Items listed in a dataset:
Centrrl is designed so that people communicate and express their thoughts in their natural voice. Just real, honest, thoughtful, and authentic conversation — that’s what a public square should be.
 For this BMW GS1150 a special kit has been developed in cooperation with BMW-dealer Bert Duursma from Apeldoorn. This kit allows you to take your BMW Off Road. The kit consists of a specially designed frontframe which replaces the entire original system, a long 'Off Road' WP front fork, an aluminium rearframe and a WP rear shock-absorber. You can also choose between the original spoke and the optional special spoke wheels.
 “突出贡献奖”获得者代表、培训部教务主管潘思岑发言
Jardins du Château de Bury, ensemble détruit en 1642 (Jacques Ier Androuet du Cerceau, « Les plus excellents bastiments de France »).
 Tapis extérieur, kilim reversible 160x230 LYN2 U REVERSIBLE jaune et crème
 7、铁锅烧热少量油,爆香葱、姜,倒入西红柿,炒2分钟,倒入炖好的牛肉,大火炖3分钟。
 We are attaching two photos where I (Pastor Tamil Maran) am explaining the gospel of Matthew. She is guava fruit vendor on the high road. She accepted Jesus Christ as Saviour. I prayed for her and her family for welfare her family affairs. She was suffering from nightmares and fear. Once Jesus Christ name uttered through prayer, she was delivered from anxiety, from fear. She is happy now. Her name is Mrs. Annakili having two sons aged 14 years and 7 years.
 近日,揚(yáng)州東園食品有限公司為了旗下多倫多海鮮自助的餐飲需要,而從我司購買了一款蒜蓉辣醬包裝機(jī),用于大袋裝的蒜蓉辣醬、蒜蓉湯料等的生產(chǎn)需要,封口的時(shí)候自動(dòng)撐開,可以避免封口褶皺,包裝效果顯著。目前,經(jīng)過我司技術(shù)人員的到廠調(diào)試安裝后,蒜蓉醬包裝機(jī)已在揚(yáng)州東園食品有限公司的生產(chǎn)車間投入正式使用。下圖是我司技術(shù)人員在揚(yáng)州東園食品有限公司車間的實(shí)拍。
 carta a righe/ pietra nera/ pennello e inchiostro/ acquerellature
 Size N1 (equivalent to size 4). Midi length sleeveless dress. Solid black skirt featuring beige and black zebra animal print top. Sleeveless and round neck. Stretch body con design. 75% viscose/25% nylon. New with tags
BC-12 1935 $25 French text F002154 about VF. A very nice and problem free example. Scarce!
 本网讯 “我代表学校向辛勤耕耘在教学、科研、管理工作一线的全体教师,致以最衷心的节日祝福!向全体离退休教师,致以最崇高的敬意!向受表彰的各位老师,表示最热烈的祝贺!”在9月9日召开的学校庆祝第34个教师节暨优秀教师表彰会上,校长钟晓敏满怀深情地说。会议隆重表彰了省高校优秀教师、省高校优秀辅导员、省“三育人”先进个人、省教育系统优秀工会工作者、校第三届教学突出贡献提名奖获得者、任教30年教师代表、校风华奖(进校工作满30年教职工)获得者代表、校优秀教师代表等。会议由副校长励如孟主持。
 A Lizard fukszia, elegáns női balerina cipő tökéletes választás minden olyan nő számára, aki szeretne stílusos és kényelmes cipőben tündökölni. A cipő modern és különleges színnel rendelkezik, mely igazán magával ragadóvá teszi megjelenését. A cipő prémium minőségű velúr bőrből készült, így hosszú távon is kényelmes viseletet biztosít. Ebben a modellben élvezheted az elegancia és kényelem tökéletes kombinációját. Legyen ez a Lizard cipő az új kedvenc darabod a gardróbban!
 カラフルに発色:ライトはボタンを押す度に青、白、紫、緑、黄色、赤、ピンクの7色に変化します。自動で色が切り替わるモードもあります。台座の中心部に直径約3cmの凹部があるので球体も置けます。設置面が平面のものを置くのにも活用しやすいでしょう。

■ Directions: Repeat all the records. Match each line exactly.

■ Reply to the exercise:
Centrrl is designed so that people communicate and express their thoughts in their natural voice. Just real, honest, thoughtful, and authentic conversation — that’s what a public square should be.
 For this BMW GS1150 a special kit has been developed in cooperation with BMW-dealer Bert Duursma from Apeldoorn. This kit allows you to take your BMW Off Road. The kit consists of a specially designed frontframe which replaces the entire original system, a long 'Off Road' WP front fork, an aluminium rearframe and a WP rear shock-absorber. You can also choose between the original spoke and the optional special spoke wheels.
 “突出贡献奖”获得者代表、培训部教务主管潘思岑发言
Jardins du Château de Bury, ensemble détruit en 1642 (Jacques Ier Androuet du Cerceau, « Les plus excellents bastiments de France »).
 Tapis extérieur, kilim reversible 160x230 LYN2 U REVERSIBLE jaune et crème
 7、铁锅烧热少量油,爆香葱、姜,倒入西红柿,炒2分钟,倒入炖好的牛肉,大火炖3分钟。
 We are attaching two photos where I (Pastor Tamil Maran) am explaining the gospel of Matthew. She is guava fruit vendor on the high road. She accepted Jesus Christ as Saviour. I prayed for her and her family for welfare her family affairs. She was suffering from nightmares and fear. Once Jesus Christ name uttered through prayer, she was delivered from anxiety, from fear. She is happy now. Her name is Mrs. Annakili having two sons aged 14 years and 7 years.
 近日,揚(yáng)州東園食品有限公司為了旗下多倫多海鮮自助的餐飲需要,而從我司購買了一款蒜蓉辣醬包裝機(jī),用于大袋裝的蒜蓉辣醬、蒜蓉湯料等的生產(chǎn)需要,封口的時(shí)候自動(dòng)撐開,可以避免封口褶皺,包裝效果顯著。目前,經(jīng)過我司技術(shù)人員的到廠調(diào)試安裝后,蒜蓉醬包裝機(jī)已在揚(yáng)州東園食品有限公司的生產(chǎn)車間投入正式使用。下圖是我司技術(shù)人員在揚(yáng)州東園食品有限公司車間的實(shí)拍。
 carta a righe/ pietra nera/ pennello e inchiostro/ acquerellature
 Size N1 (equivalent to size 4). Midi length sleeveless dress. Solid black skirt featuring beige and black zebra animal print top. Sleeveless and round neck. Stretch body con design. 75% viscose/25% nylon. New with tags
BC-12 1935 $25 French text F002154 about VF. A very nice and problem free example. Scarce!
 本网讯 “我代表学校向辛勤耕耘在教学、科研、管理工作一线的全体教师,致以最衷心的节日祝福!向全体离退休教师,致以最崇高的敬意!向受表彰的各位老师,表示最热烈的祝贺!”在9月9日召开的学校庆祝第34个教师节暨优秀教师表彰会上,校长钟晓敏满怀深情地说。会议隆重表彰了省高校优秀教师、省高校优秀辅导员、省“三育人”先进个人、省教育系统优秀工会工作者、校第三届教学突出贡献提名奖获得者、任教30年教师代表、校风华奖(进校工作满30年教职工)获得者代表、校优秀教师代表等。会议由副校长励如孟主持。
 A Lizard fukszia, elegáns női balerina cipő tökéletes választás minden olyan nő számára, aki szeretne stílusos és kényelmes cipőben tündökölni. A cipő modern és különleges színnel rendelkezik, mely igazán magával ragadóvá teszi megjelenését. A cipő prémium minőségű velúr bőrből készült, így hosszú távon is kényelmes viseletet biztosít. Ebben a modellben élvezheted az elegancia és kényelem tökéletes kombinációját. Legyen ez a Lizard cipő az új kedvenc darabod a gardróbban!
 カラフルに発色:ライトはボタンを押す度に青、白、紫、緑、黄色、赤、ピンクの7色に変化します。自動で色が切り替わるモードもあります。台座の中心部に直径約3cmの凹部があるので球体も置けます。設置面が平面のものを置くのにも活用しやすいでしょう。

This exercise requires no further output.